### Task to carry out:
Apart from the pictures, which must be omitted, restate the data exactly.

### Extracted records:
----------------------------------------
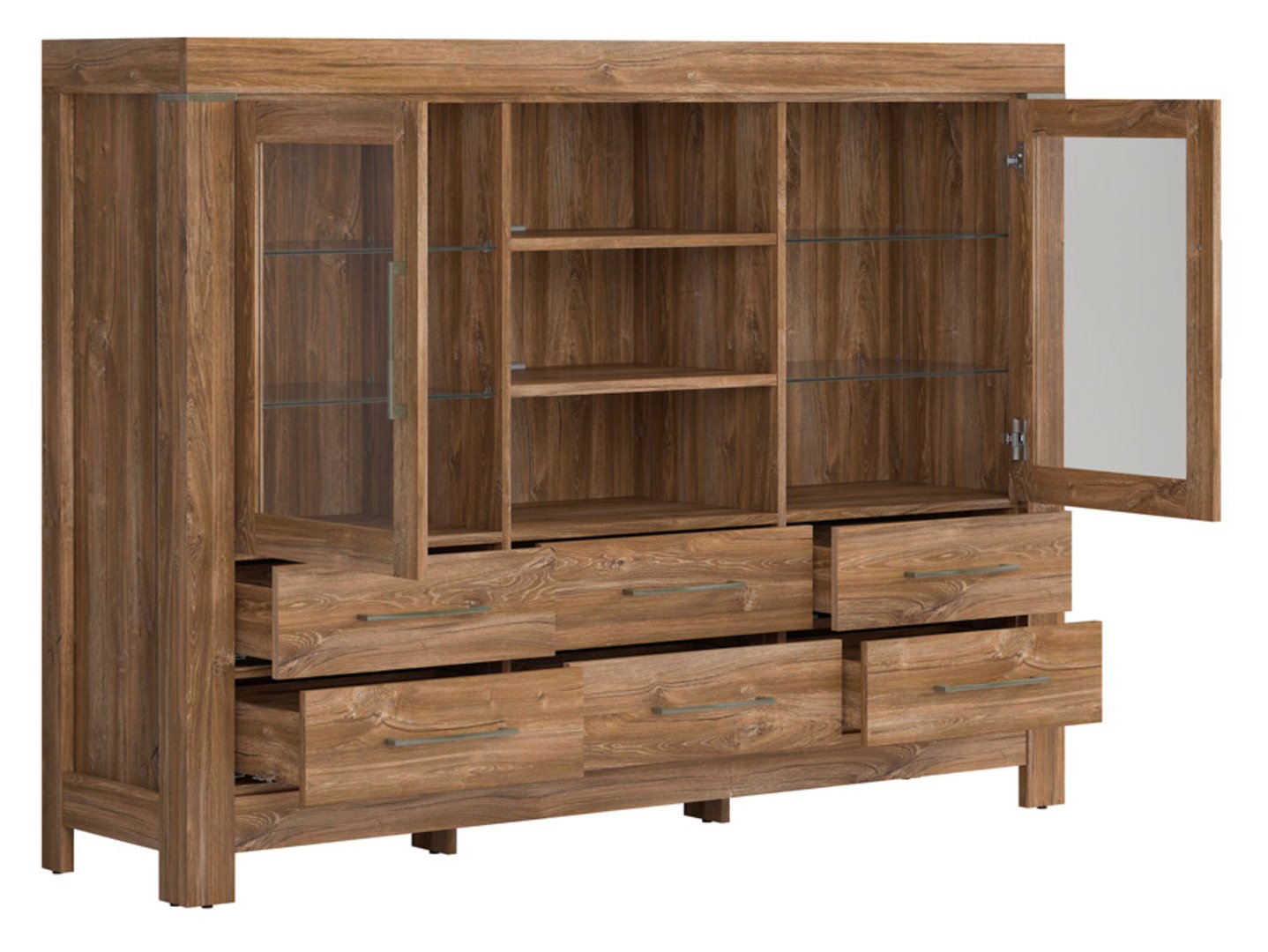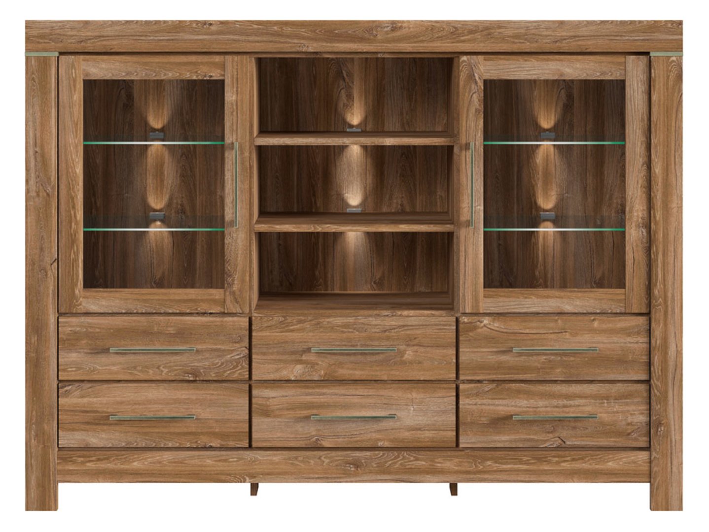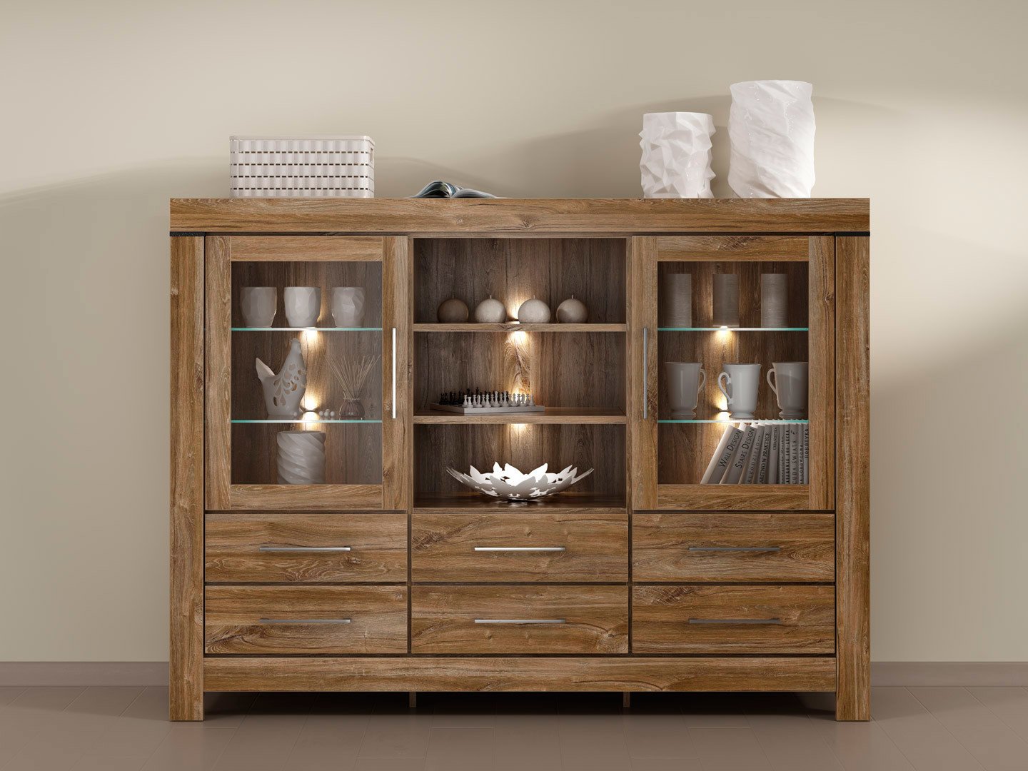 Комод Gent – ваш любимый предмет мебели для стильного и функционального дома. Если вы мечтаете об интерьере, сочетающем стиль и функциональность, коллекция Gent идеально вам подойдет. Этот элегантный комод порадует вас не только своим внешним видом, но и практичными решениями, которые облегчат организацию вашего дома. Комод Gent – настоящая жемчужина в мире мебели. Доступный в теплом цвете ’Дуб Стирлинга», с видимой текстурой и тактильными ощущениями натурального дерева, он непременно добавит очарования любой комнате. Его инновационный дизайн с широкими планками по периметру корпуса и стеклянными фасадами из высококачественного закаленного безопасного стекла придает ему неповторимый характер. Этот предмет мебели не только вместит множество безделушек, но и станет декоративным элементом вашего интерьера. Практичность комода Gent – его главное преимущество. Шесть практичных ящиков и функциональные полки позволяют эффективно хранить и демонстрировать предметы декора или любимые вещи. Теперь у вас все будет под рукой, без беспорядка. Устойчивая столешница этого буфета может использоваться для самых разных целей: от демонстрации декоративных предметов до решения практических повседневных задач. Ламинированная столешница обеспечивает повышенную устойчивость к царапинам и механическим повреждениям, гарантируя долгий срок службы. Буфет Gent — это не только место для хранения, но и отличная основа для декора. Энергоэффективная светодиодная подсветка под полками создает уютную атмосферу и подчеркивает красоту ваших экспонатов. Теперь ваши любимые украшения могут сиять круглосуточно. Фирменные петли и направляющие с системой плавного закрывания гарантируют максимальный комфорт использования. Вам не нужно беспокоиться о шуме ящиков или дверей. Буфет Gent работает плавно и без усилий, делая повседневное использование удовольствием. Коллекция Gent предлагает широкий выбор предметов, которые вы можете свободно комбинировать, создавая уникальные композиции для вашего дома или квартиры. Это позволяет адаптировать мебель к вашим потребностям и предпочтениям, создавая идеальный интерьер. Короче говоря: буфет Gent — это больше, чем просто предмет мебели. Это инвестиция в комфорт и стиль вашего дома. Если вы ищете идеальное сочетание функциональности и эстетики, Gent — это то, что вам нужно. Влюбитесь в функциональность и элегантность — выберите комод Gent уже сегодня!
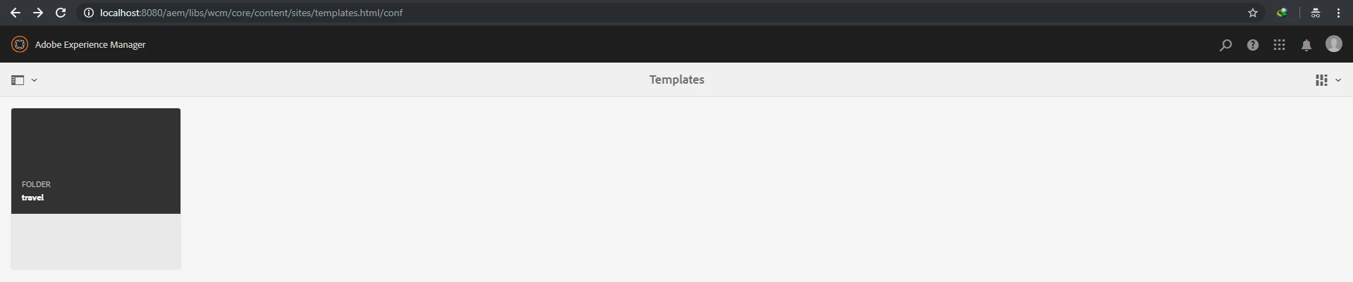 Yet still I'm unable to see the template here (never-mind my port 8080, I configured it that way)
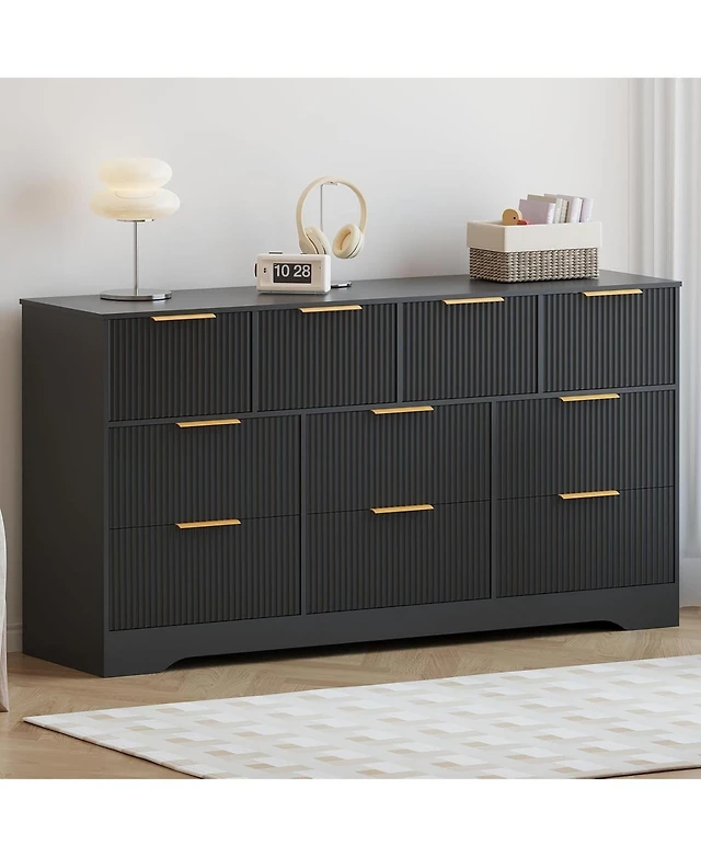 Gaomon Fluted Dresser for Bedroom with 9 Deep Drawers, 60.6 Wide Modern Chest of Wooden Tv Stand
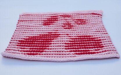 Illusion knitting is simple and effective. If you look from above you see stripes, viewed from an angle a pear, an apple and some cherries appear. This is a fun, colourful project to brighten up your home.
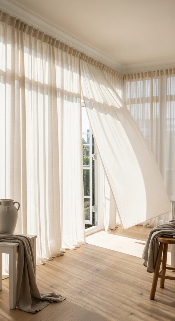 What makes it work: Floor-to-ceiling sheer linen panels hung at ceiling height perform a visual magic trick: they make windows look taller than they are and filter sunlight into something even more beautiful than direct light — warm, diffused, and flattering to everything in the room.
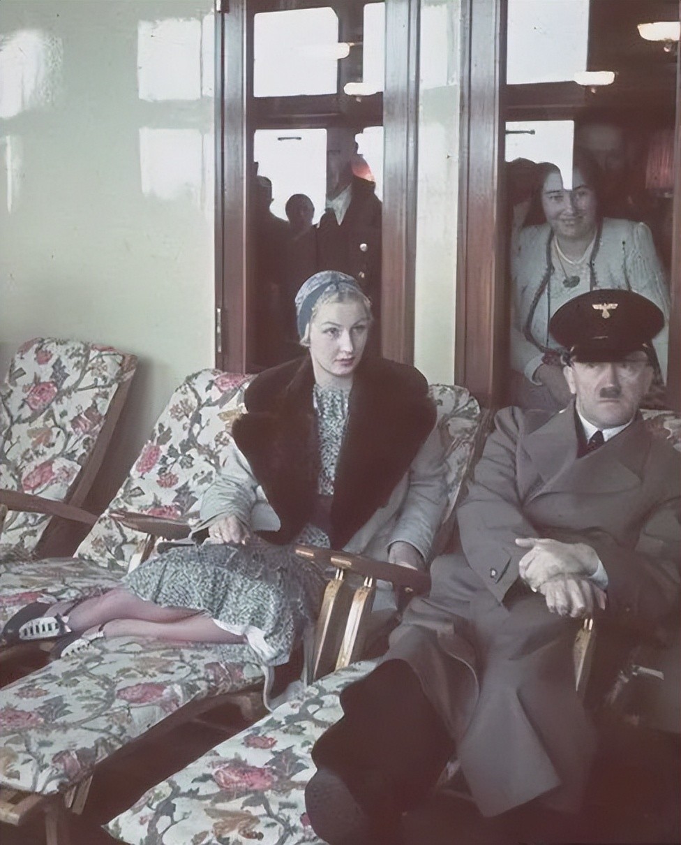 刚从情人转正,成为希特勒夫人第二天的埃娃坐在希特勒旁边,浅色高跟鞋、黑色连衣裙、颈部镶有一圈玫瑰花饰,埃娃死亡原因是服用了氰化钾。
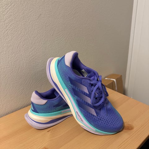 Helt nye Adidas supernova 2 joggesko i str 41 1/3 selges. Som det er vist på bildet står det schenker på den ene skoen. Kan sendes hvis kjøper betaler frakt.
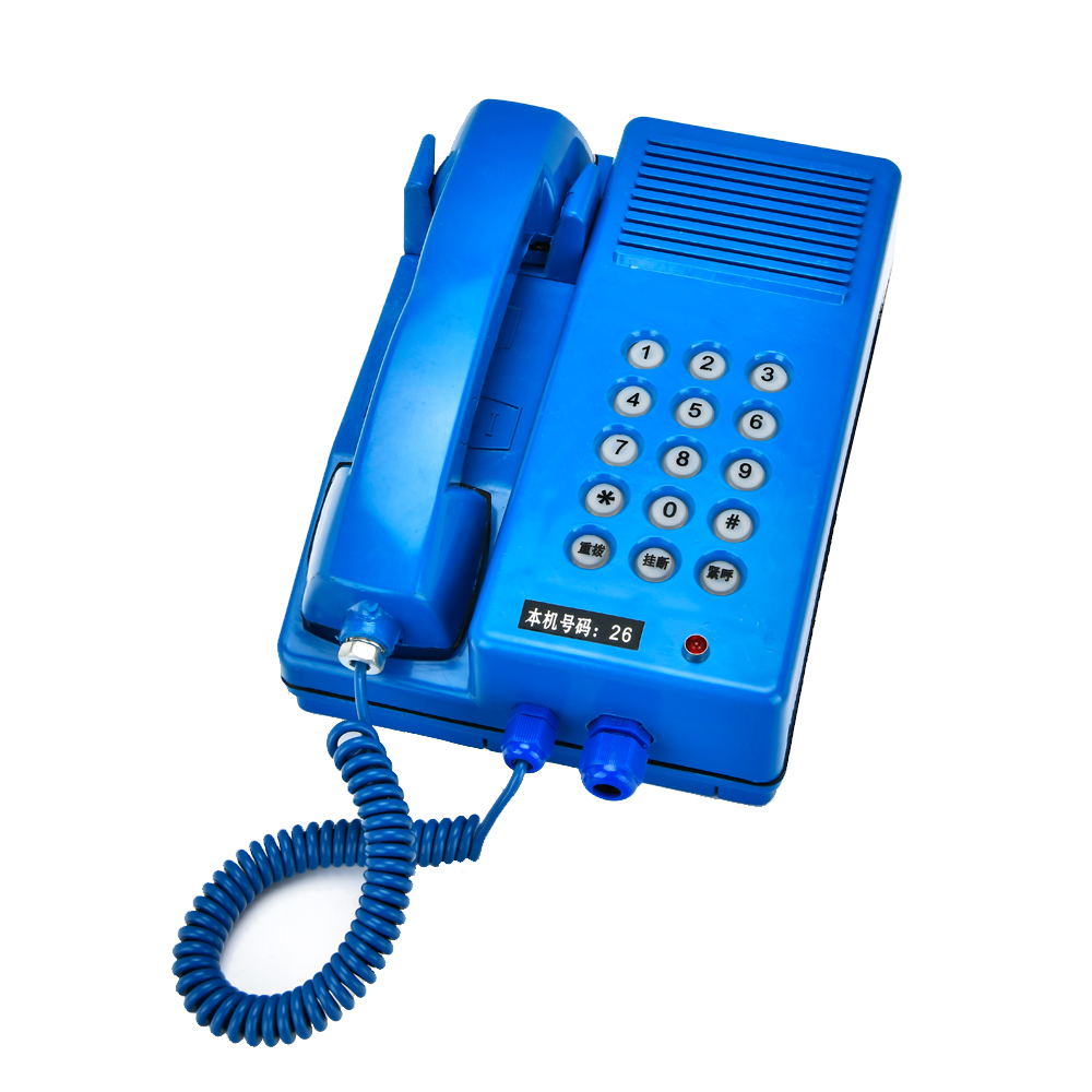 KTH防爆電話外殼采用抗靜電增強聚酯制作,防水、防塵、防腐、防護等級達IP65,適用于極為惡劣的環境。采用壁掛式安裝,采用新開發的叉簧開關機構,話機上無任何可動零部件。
----------------------------------------
### Solution below:
 Комод Gent – ваш любимый предмет мебели для стильного и функционального дома. Если вы мечтаете об интерьере, сочетающем стиль и функциональность, коллекция Gent идеально вам подойдет. Этот элегантный комод порадует вас не только своим внешним видом, но и практичными решениями, которые облегчат организацию вашего дома. Комод Gent – настоящая жемчужина в мире мебели. Доступный в теплом цвете ’Дуб Стирлинга», с видимой текстурой и тактильными ощущениями натурального дерева, он непременно добавит очарования любой комнате. Его инновационный дизайн с широкими планками по периметру корпуса и стеклянными фасадами из высококачественного закаленного безопасного стекла придает ему неповторимый характер. Этот предмет мебели не только вместит множество безделушек, но и станет декоративным элементом вашего интерьера. Практичность комода Gent – его главное преимущество. Шесть практичных ящиков и функциональные полки позволяют эффективно хранить и демонстрировать предметы декора или любимые вещи. Теперь у вас все будет под рукой, без беспорядка. Устойчивая столешница этого буфета может использоваться для самых разных целей: от демонстрации декоративных предметов до решения практических повседневных задач. Ламинированная столешница обеспечивает повышенную устойчивость к царапинам и механическим повреждениям, гарантируя долгий срок службы. Буфет Gent — это не только место для хранения, но и отличная основа для декора. Энергоэффективная светодиодная подсветка под полками создает уютную атмосферу и подчеркивает красоту ваших экспонатов. Теперь ваши любимые украшения могут сиять круглосуточно. Фирменные петли и направляющие с системой плавного закрывания гарантируют максимальный комфорт использования. Вам не нужно беспокоиться о шуме ящиков или дверей. Буфет Gent работает плавно и без усилий, делая повседневное использование удовольствием. Коллекция Gent предлагает широкий выбор предметов, которые вы можете свободно комбинировать, создавая уникальные композиции для вашего дома или квартиры. Это позволяет адаптировать мебель к вашим потребностям и предпочтениям, создавая идеальный интерьер. Короче говоря: буфет Gent — это больше, чем просто предмет мебели. Это инвестиция в комфорт и стиль вашего дома. Если вы ищете идеальное сочетание функциональности и эстетики, Gent — это то, что вам нужно. Влюбитесь в функциональность и элегантность — выберите комод Gent уже сегодня!
 Yet still I'm unable to see the template here (never-mind my port 8080, I configured it that way)
 Gaomon Fluted Dresser for Bedroom with 9 Deep Drawers, 60.6 Wide Modern Chest of Wooden Tv Stand
 Illusion knitting is simple and effective. If you look from above you see stripes, viewed from an angle a pear, an apple and some cherries appear. This is a fun, colourful project to brighten up your home.
 What makes it work: Floor-to-ceiling sheer linen panels hung at ceiling height perform a visual magic trick: they make windows look taller than they are and filter sunlight into something even more beautiful than direct light — warm, diffused, and flattering to everything in the room.
 刚从情人转正,成为希特勒夫人第二天的埃娃坐在希特勒旁边,浅色高跟鞋、黑色连衣裙、颈部镶有一圈玫瑰花饰,埃娃死亡原因是服用了氰化钾。
 Helt nye Adidas supernova 2 joggesko i str 41 1/3 selges. Som det er vist på bildet står det schenker på den ene skoen. Kan sendes hvis kjøper betaler frakt.
 KTH防爆電話外殼采用抗靜電增強聚酯制作,防水、防塵、防腐、防護等級達IP65,適用于極為惡劣的環境。采用壁掛式安裝,采用新開發的叉簧開關機構,話機上無任何可動零部件。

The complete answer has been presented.